Meadows, who is based in Nashville, Tennessee, and her husband wanted to take an RV road trip to the Southwest. She had never been to Las Vegas. And so she took an assignment here, and the couple and their two dogs were on their way.

Meadows said in one of her popular TikTok videos that she almost canceled her contract after the first day.

“What made me most uncomfortable was the patient flow and not being able to assess or watch my patients and observe them as closely as I would like,” she said in an interview.

Meadows said she took care of patients as fast as she could and didn’t feel like she was harming them.

“If it got to a point where I felt like my patient’s safety was at risk, then that’s when I would talk to my charge nurse and ask for help,” she said.

Then, after the New Year’s holiday, “it was kind of like the ER exploded,” she said. “There were patients everywhere. And the whole hospital was full.”

The ER became a bottleneck, holding patients until beds were ready on patient floors. There wasn’t room in the ER for the influx of patients, which meant that some admitted patients had to sit in chairs in the lobby while they were attached to IVs.

Meadows said she had never seen this practice before but believes that it is widespread locally. A reporter saw it in effect this past week at Summerlin Hospital and Medical Center, a circumstance that a hospital representative said was due to the increased number of ER patients over the past month.

“When appropriate, we sometimes begin treatment (i.e. the IVs) and have patients return to the ER lobby rather than delay their care,” Gretchen Papez, a representative of Valley Health System hospitals, which includes Summerlin Hospital, said in an email.

“We know it’s not ideal but we are more concerned about initiating medical care so they can begin to feel better. Like hundreds of other hospitals across the US, there are sometimes long waits for our patients to have an inpatient bed.”

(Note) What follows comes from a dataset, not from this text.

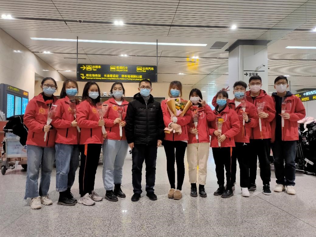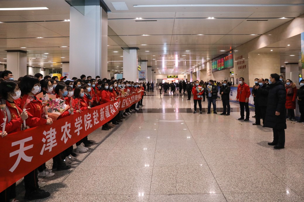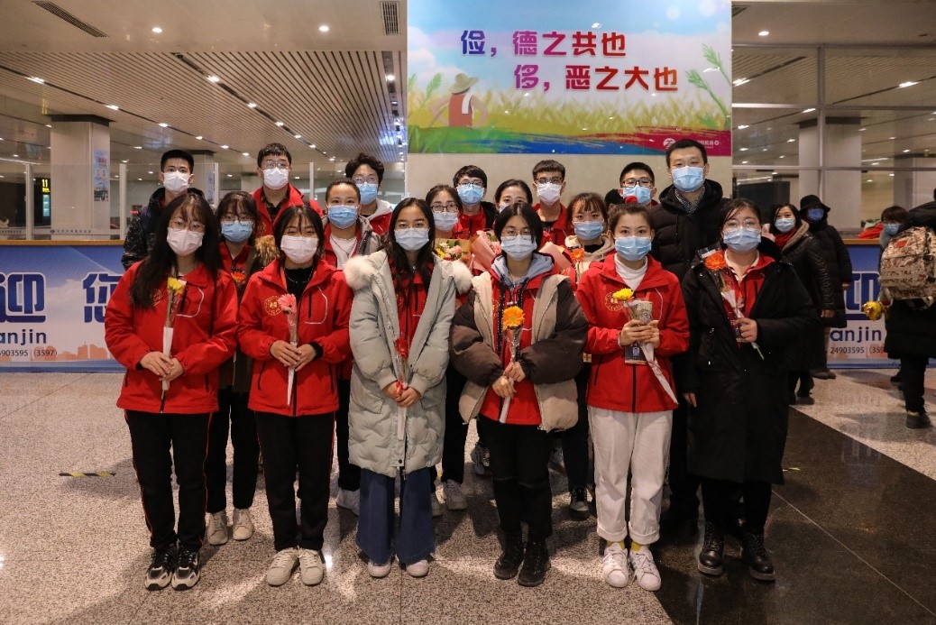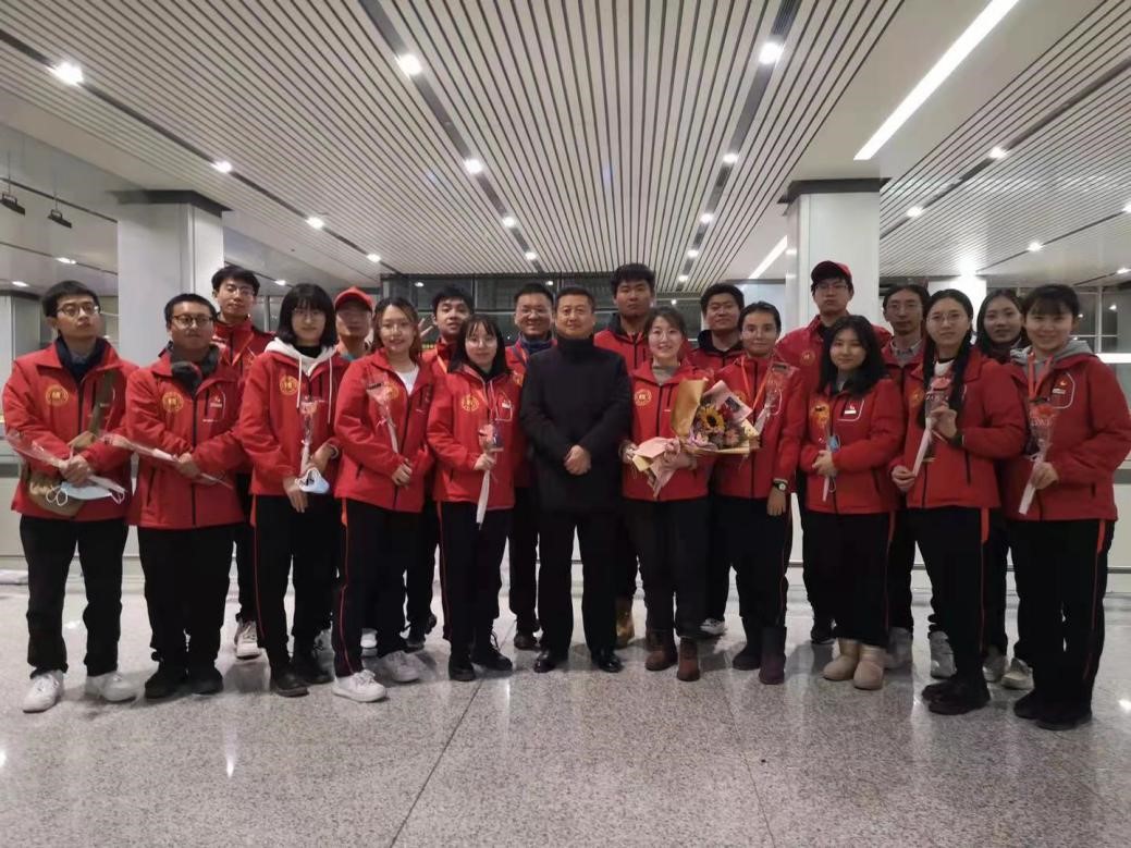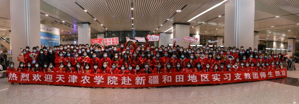 2020年12月30日晚,贝博赴新疆和田地区实习支教的140名师生带着津和两地人民的深情厚谊,圆满完成各项任务平安抵达天津。按照学校党委安排,校党委副书记宋涛带队前往天津滨海国际机场迎接载誉而归的实习支教团师生,党办、组织部、宣传部、学工部、研工部、校团委及各学院的负责同志一同到机场迎接。

Papez said the Valley Health System is supporting its nursing units with “travel nurse contracts, our nurse apprentice programs, asking other hospital staff to assist with tasks like delivering meal trays and watching our nurse leaders voluntarily taking on patient care assignments, along with their managerial responsibilities.”

‘Giving everything’

As the numbers of patients continued to increase, Meadows began to dread going to work.

“I was giving everything, and it still was going to be a hard day,” she said. “And it was nonstop. So it was very difficult. It was exhausting. … I was in a dark place.”

“The staff that I worked with, everyone was trying their best and tried to keep their heads up and be positive, hoping that it would get better each day.”

She said the situation was understandably frustrating for patients. One of the reasons she makes TikTok videos about her work experiences — one of her Las Vegas videos attracted 1.5 million views — is to show the public that nurses are real people.

“Be patient if you are coming to the hospitals,” she said. “Nurses are doing their best. Doctors are doing their best. It’s just unprecedented times.”

A previous version of this story incorrectly stated the number of patients Lauren Meadows cared for. It also misidentified her Las Vegas employer.